> Working data:
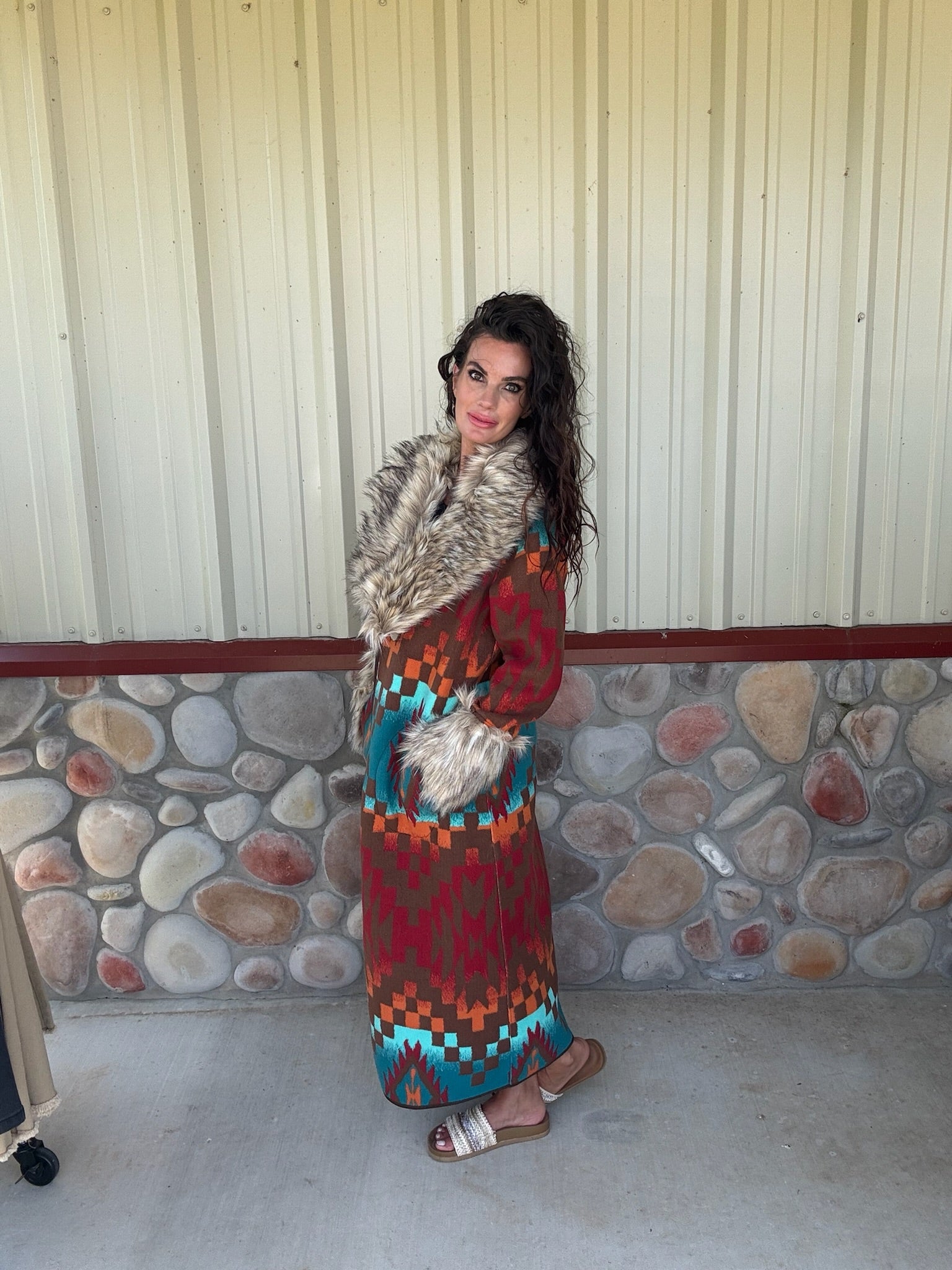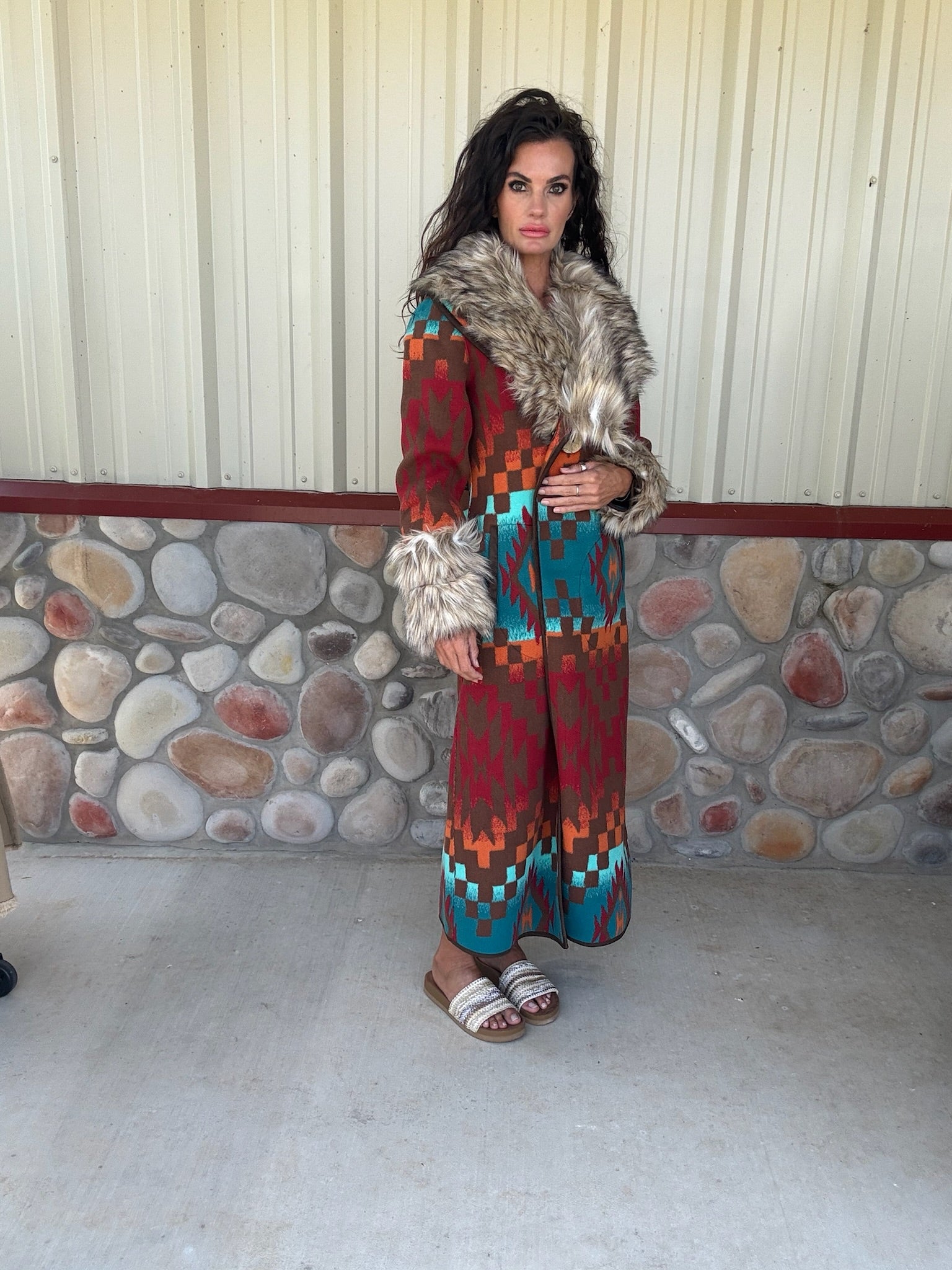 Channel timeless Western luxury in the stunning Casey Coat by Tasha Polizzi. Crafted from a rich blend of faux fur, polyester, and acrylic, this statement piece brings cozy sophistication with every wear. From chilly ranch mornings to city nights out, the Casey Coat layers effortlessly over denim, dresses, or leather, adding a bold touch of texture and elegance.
--
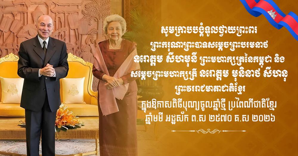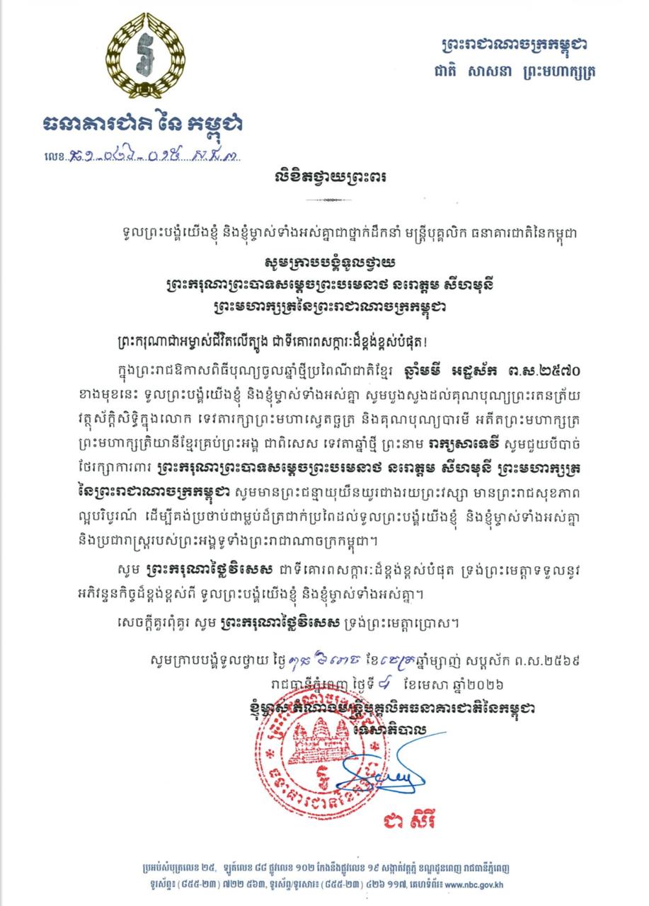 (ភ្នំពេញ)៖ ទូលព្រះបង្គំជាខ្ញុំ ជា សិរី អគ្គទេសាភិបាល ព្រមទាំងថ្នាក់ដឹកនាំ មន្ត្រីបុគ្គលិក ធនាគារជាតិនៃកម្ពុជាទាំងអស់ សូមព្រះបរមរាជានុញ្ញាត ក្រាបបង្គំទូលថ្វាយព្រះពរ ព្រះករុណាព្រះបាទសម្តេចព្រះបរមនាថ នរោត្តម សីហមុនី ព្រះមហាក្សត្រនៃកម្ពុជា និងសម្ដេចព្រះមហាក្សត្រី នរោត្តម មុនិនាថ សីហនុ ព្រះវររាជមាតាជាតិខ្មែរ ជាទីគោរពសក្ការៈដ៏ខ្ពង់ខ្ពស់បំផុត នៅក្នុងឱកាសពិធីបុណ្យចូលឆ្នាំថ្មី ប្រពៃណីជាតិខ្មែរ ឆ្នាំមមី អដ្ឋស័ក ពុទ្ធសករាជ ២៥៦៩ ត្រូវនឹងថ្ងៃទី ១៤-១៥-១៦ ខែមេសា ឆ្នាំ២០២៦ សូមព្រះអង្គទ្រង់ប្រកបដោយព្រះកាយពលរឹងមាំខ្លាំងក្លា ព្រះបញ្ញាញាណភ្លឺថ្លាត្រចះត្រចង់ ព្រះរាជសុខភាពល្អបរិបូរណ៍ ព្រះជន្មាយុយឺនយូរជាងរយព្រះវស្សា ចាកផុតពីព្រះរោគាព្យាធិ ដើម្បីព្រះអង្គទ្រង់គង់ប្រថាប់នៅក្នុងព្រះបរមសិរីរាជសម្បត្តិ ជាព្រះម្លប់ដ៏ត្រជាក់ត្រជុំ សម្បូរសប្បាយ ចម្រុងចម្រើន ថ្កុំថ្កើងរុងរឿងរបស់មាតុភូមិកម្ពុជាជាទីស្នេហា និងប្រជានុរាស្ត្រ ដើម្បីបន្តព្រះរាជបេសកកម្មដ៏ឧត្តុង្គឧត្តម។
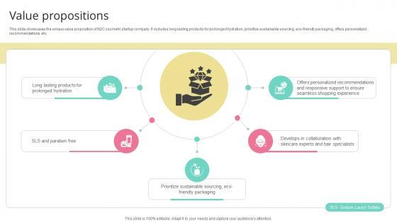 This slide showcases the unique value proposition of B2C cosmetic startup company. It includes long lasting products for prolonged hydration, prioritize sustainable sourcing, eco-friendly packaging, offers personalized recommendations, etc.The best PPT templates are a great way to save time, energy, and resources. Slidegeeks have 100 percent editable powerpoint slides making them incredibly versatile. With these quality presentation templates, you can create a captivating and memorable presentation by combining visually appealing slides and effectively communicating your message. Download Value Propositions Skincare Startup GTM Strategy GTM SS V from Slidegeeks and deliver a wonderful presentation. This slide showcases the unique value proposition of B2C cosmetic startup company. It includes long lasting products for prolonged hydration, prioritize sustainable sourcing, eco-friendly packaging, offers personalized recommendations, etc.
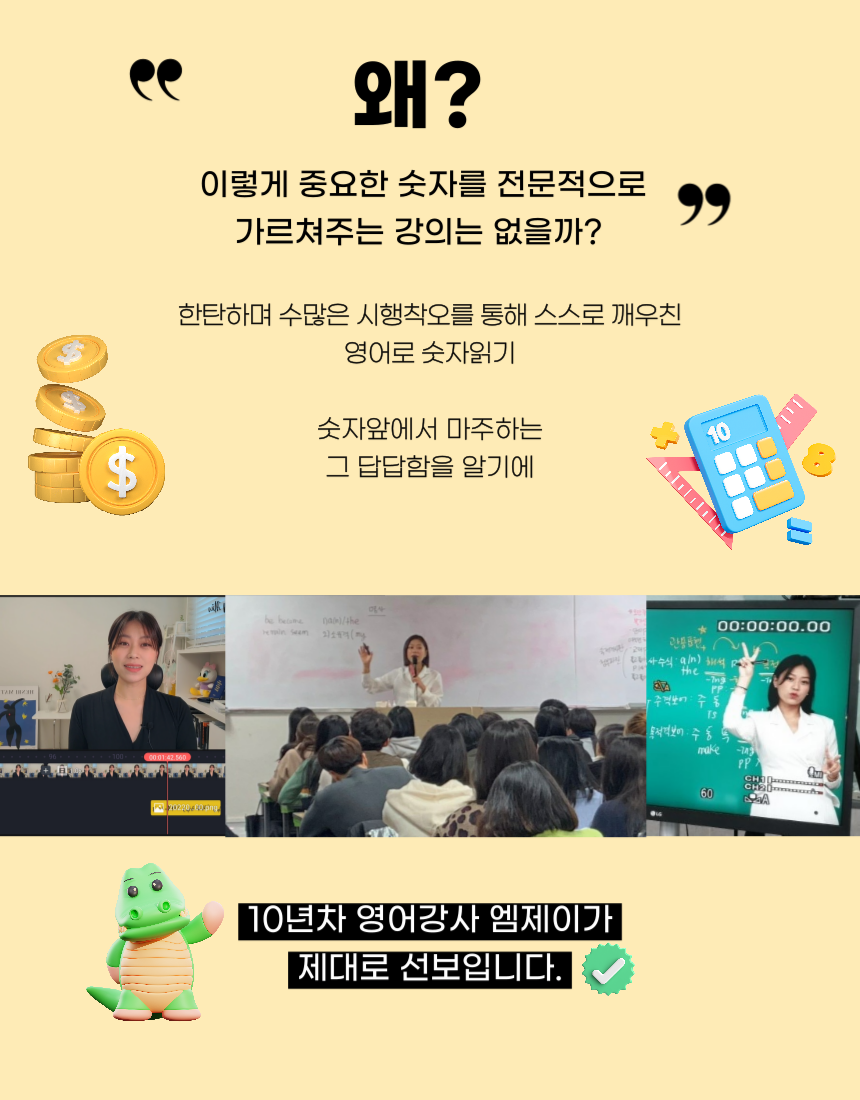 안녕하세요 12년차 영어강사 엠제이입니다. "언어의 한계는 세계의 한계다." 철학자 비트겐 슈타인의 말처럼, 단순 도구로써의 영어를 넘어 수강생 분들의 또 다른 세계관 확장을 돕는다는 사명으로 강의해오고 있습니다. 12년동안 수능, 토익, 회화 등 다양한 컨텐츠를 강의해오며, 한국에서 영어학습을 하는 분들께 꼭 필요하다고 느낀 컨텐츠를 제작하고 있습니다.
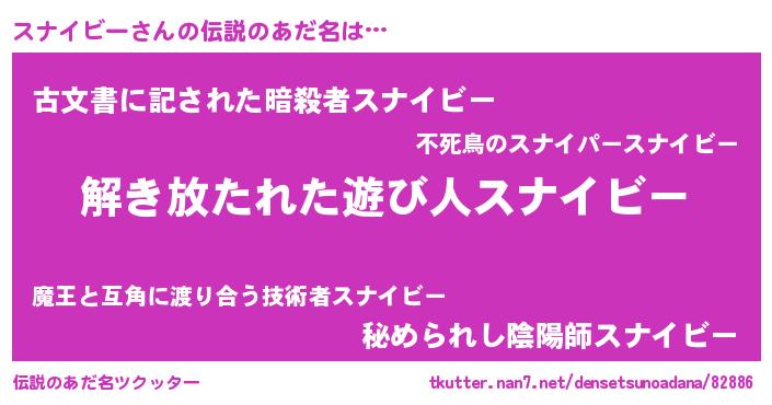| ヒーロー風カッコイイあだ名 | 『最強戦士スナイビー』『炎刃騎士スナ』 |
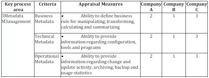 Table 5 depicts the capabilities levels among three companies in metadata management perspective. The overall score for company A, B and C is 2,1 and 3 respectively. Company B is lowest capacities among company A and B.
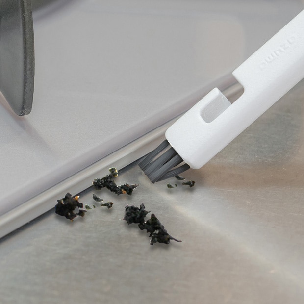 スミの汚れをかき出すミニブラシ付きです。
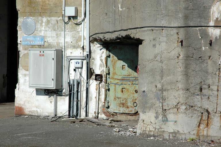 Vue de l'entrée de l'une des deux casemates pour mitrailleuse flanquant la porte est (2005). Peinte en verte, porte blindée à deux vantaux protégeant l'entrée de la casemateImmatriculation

> What you need to do: For this exercise, set down the lines in the entries above from the one with "ヒーロー風カッコイイあだ名 | 『最強戦士スナイビー』『炎刃騎士スナ』 |" through the one with "Vue de l'entrée" exactly as written, without any pictures.

> Response to the task:
| ヒーロー風カッコイイあだ名 | 『最強戦士スナイビー』『炎刃騎士スナ』 |
 Table 5 depicts the capabilities levels among three companies in metadata management perspective. The overall score for company A, B and C is 2,1 and 3 respectively. Company B is lowest capacities among company A and B.
 スミの汚れをかき出すミニブラシ付きです。
 Vue de l'entrée de l'une des deux casemates pour mitrailleuse flanquant la porte est (2005). Peinte en verte, porte blindée à deux vantaux protégeant l'entrée de la casemateImmatriculation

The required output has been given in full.